[How to complete this task]: Could you restate the whole listing below word for word, minus the pictures?

────────

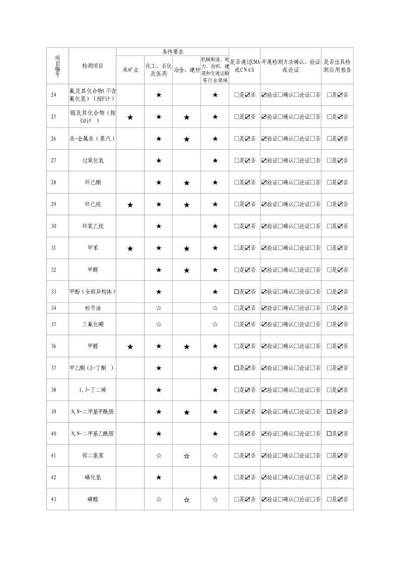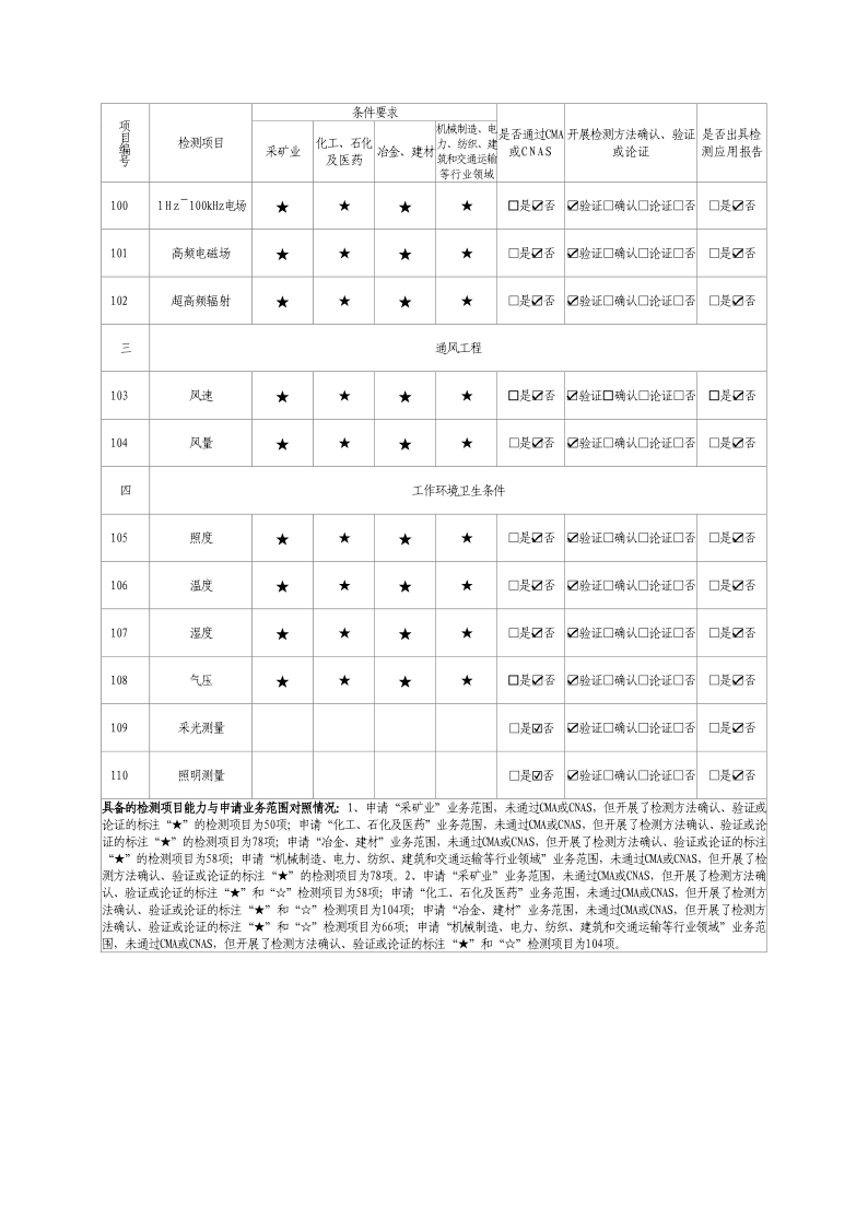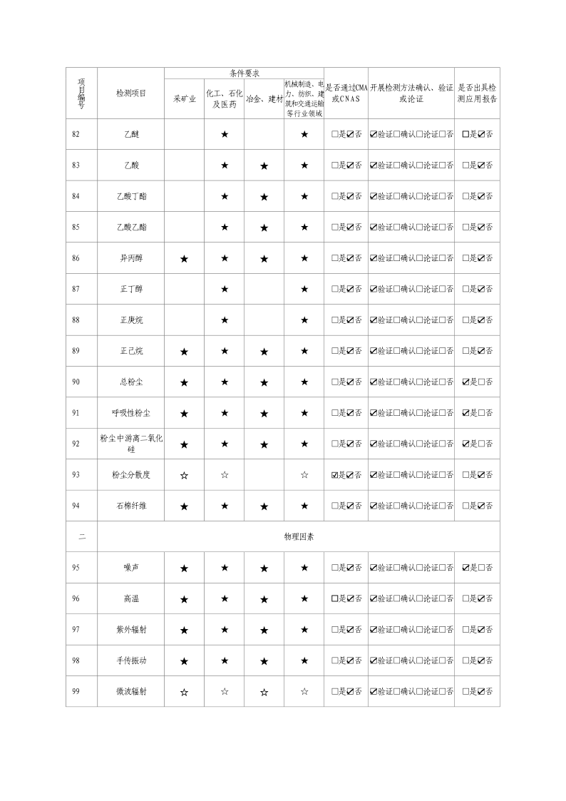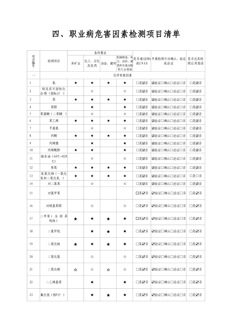 2024年職業衛生技術服務機構資質證書及職業病危害因素檢測項目清單
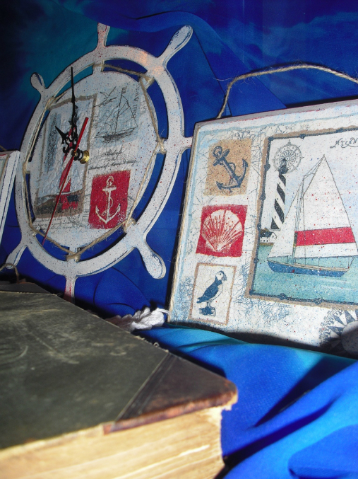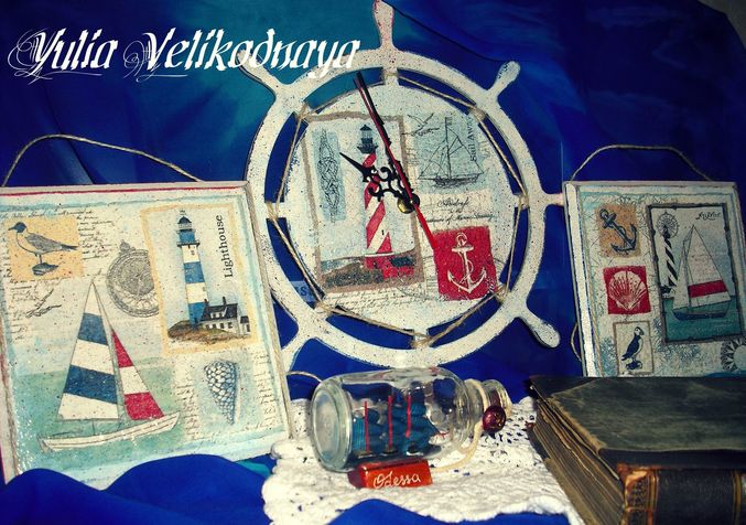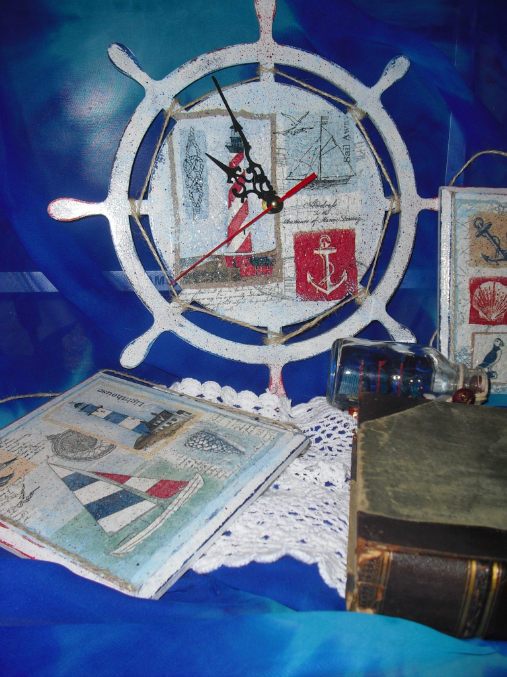 потрясающе. очень изысканно. такое редко увидишь, всё больше аляпистость какая-то. часы поразили в самое сердце. недавно видела в похожем стиле работы с маяками в одной из групп по декупажу - очень понравилось тоже, еще и как состарены деревянные рамки
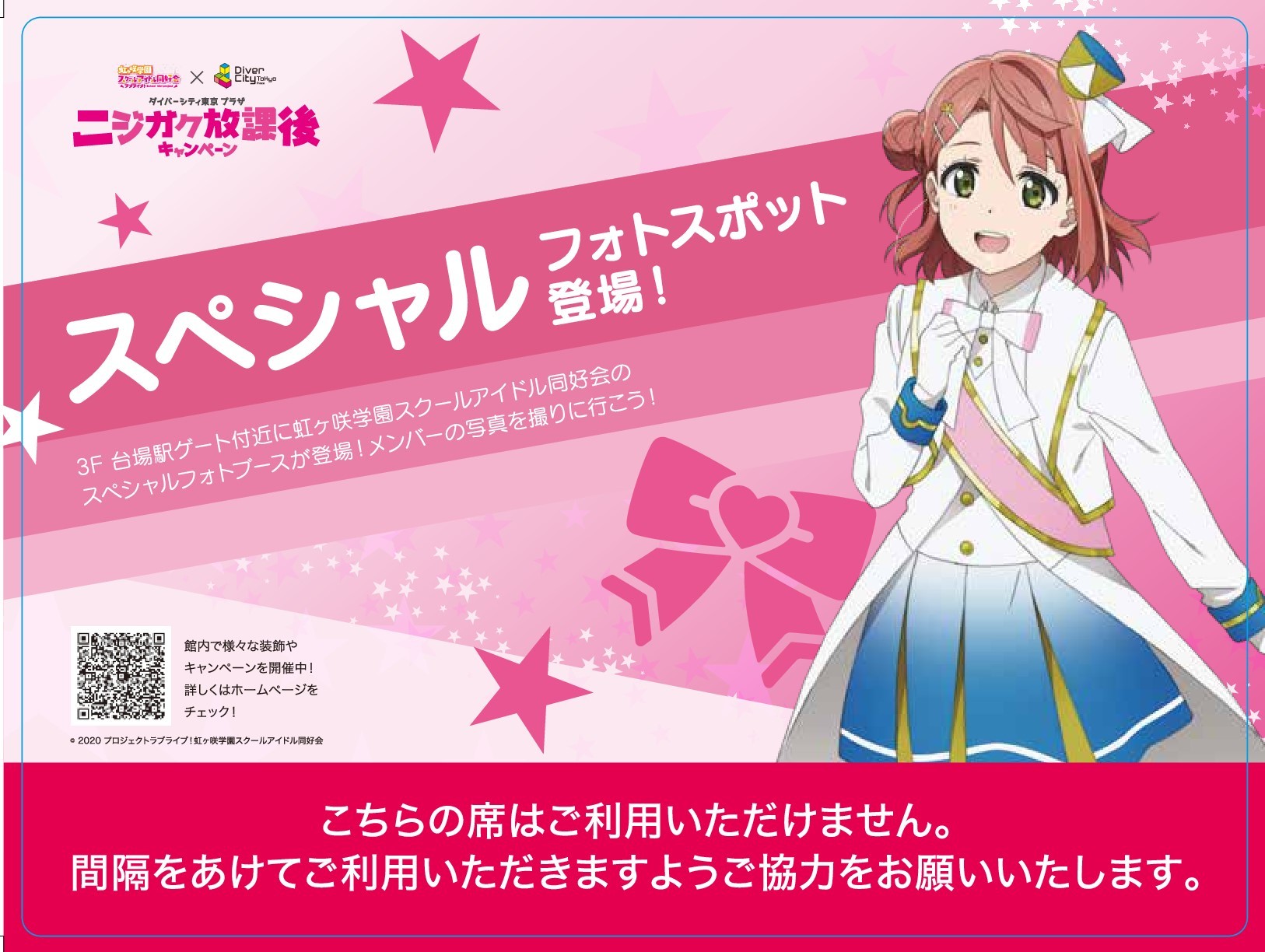 2020年11月13日(金)~2021年1月31日(日)までの期間、ダイバーシティ東京 プラザの館内にTVアニメ『ラブライブ!虹ヶ咲学園スクールアイドル同好会』のメンバーが登場。2Fフードコートをはじめとした館内各所の装飾や、3F台場駅ゲートのフォトスポットなどが展開される。
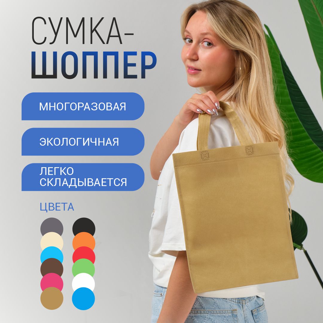 Многоразовый шоппер из нетканого материала с надежными пришивными ручками. Сумка из спанбонда приятная на ощупь, легкая и компактная.
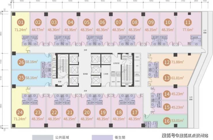 首推建面约49㎡SOHO酒店式辦公,自带獨立街生間,享獨立入戶大堂及專用電梯,集辦公、休、自用和出租等多元化功能於一體。
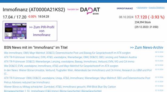 Immofinanz am 8.10. -3,93%, Volumen 42% normaler Tage
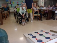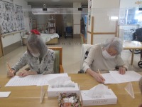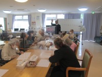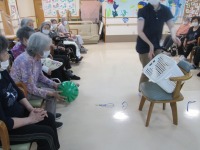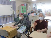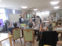 本日は、職員による手書きのプリントをご用意し各々取り組んでいただいた後、皆で一緒に答え合わせをしました。「連想ゲーム・ならびかえクイズ・夏漢字ひと文字の季語」の問題を皆様黙々と考えていらっしゃいました。いくつか紹介させていただきます。「おでん・野菜・白から連想される物は?」→答え「大根」、「モウトコシロの夏野菜を並びかえると?」→答え「トウモロコシ」、「簾の読み方は?」→答え「すだれ」このような感じでたくさんの問題を解いていただき笑いもあり会話も弾み楽しい一時間を過ごすことができました(^O^)
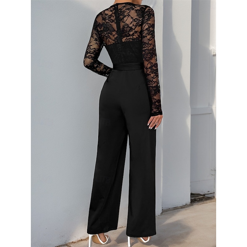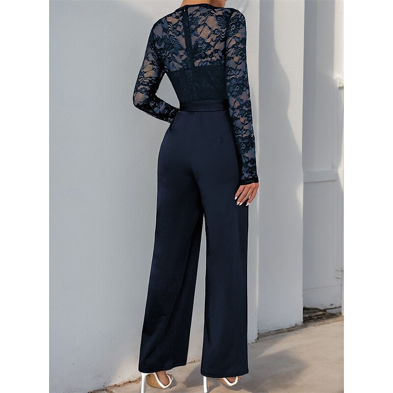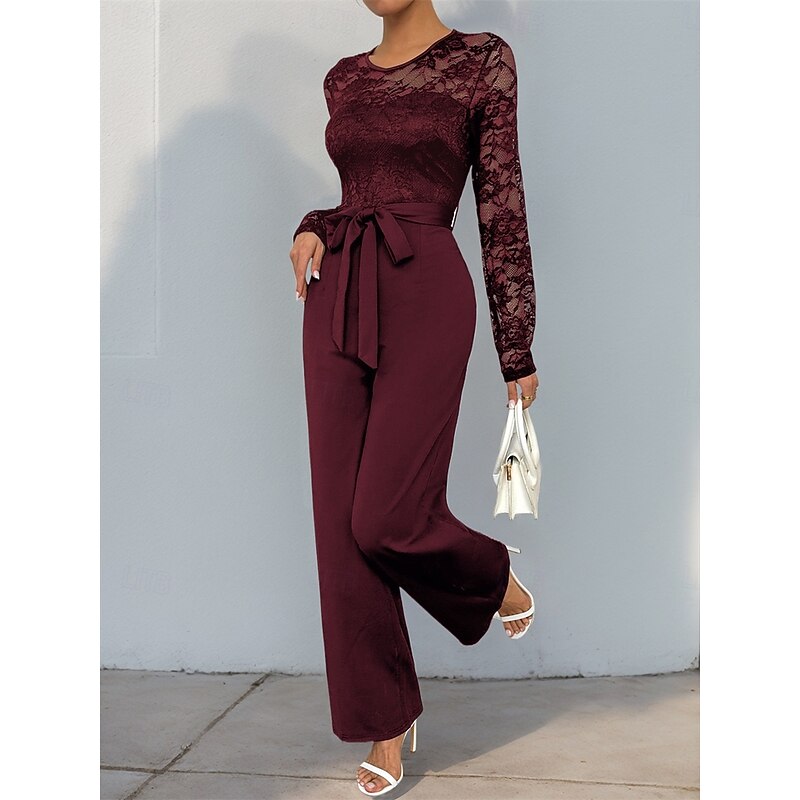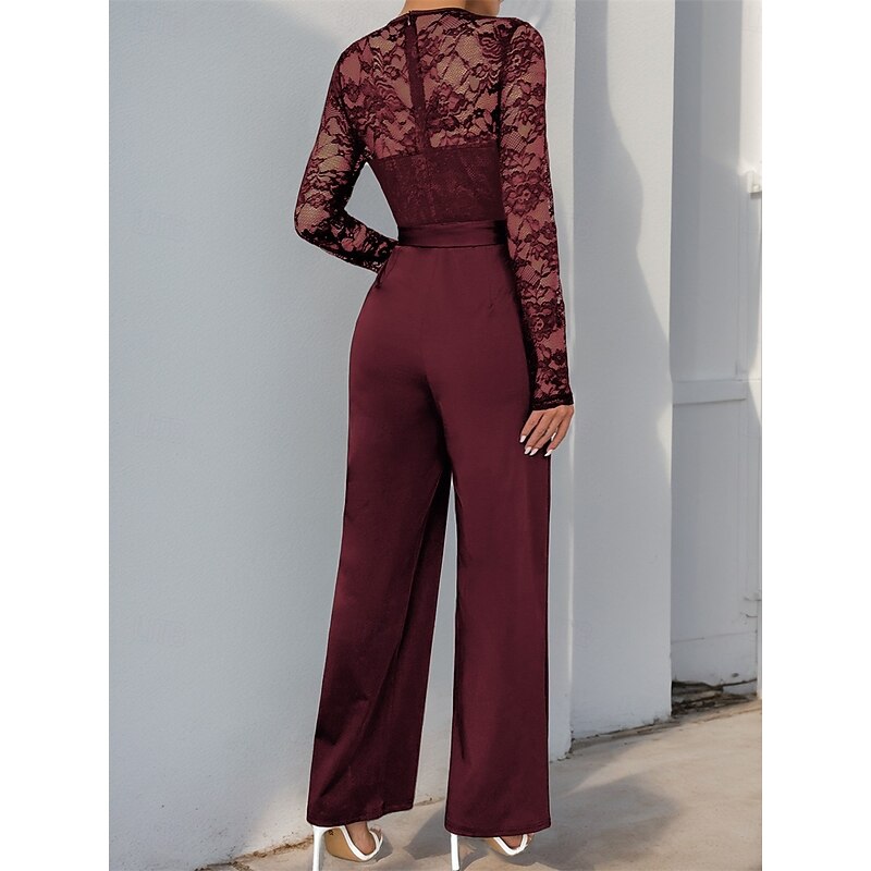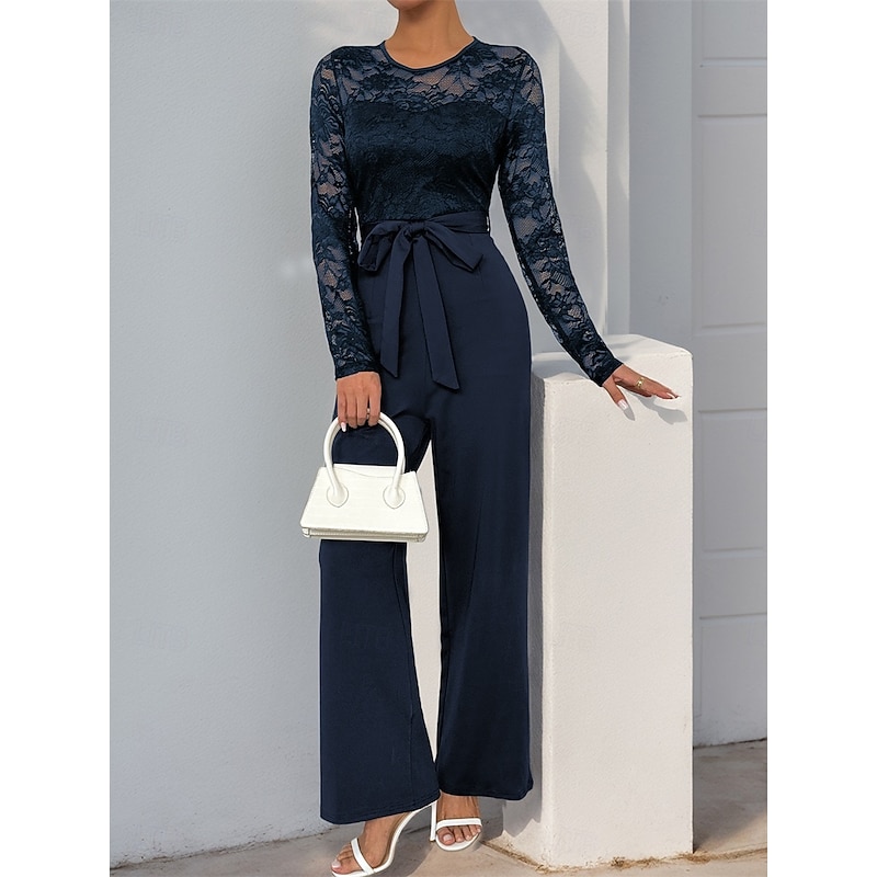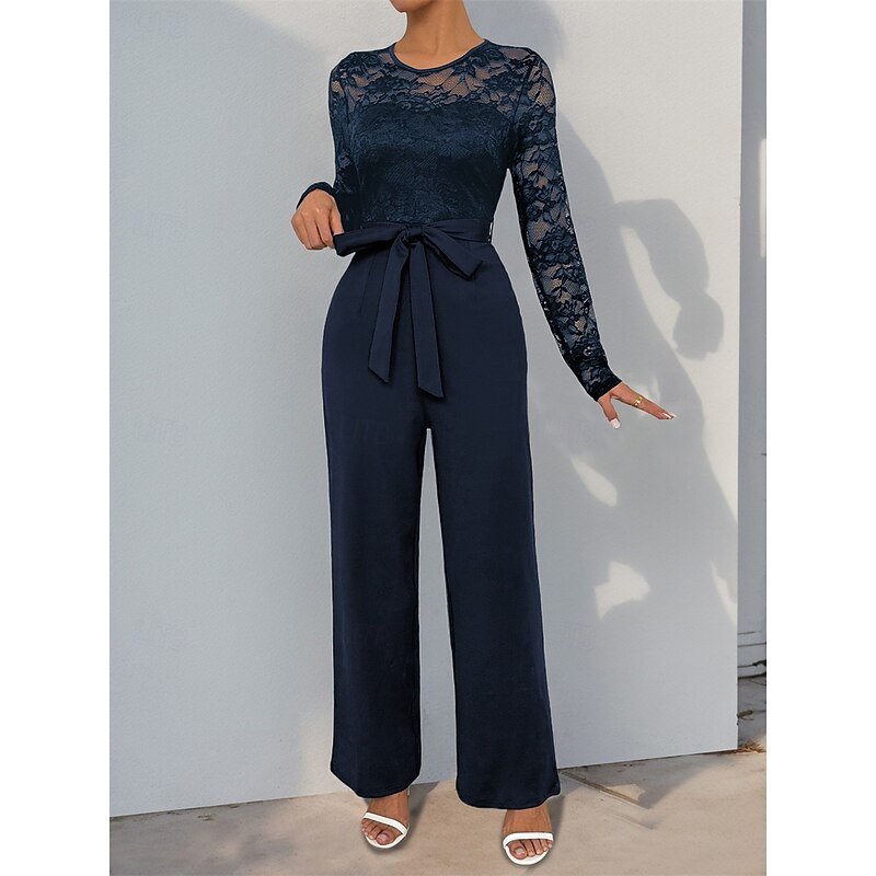 Jumpsuit / Pantsuit Mother of the Bride Elegant Casual Jewel Neck Floor Length Polyester Long Sleeve with Lace

────────

[Result below]:
 2024年職業衛生技術服務機構資質證書及職業病危害因素檢測項目清單
 потрясающе. очень изысканно. такое редко увидишь, всё больше аляпистость какая-то. часы поразили в самое сердце. недавно видела в похожем стиле работы с маяками в одной из групп по декупажу - очень понравилось тоже, еще и как состарены деревянные рамки
 2020年11月13日(金)~2021年1月31日(日)までの期間、ダイバーシティ東京 プラザの館内にTVアニメ『ラブライブ!虹ヶ咲学園スクールアイドル同好会』のメンバーが登場。2Fフードコートをはじめとした館内各所の装飾や、3F台場駅ゲートのフォトスポットなどが展開される。
 Многоразовый шоппер из нетканого материала с надежными пришивными ручками. Сумка из спанбонда приятная на ощупь, легкая и компактная.
 首推建面约49㎡SOHO酒店式辦公,自带獨立街生間,享獨立入戶大堂及專用電梯,集辦公、休、自用和出租等多元化功能於一體。
 Immofinanz am 8.10. -3,93%, Volumen 42% normaler Tage
 本日は、職員による手書きのプリントをご用意し各々取り組んでいただいた後、皆で一緒に答え合わせをしました。「連想ゲーム・ならびかえクイズ・夏漢字ひと文字の季語」の問題を皆様黙々と考えていらっしゃいました。いくつか紹介させていただきます。「おでん・野菜・白から連想される物は?」→答え「大根」、「モウトコシロの夏野菜を並びかえると?」→答え「トウモロコシ」、「簾の読み方は?」→答え「すだれ」このような感じでたくさんの問題を解いていただき笑いもあり会話も弾み楽しい一時間を過ごすことができました(^O^)
 Jumpsuit / Pantsuit Mother of the Bride Elegant Casual Jewel Neck Floor Length Polyester Long Sleeve with Lace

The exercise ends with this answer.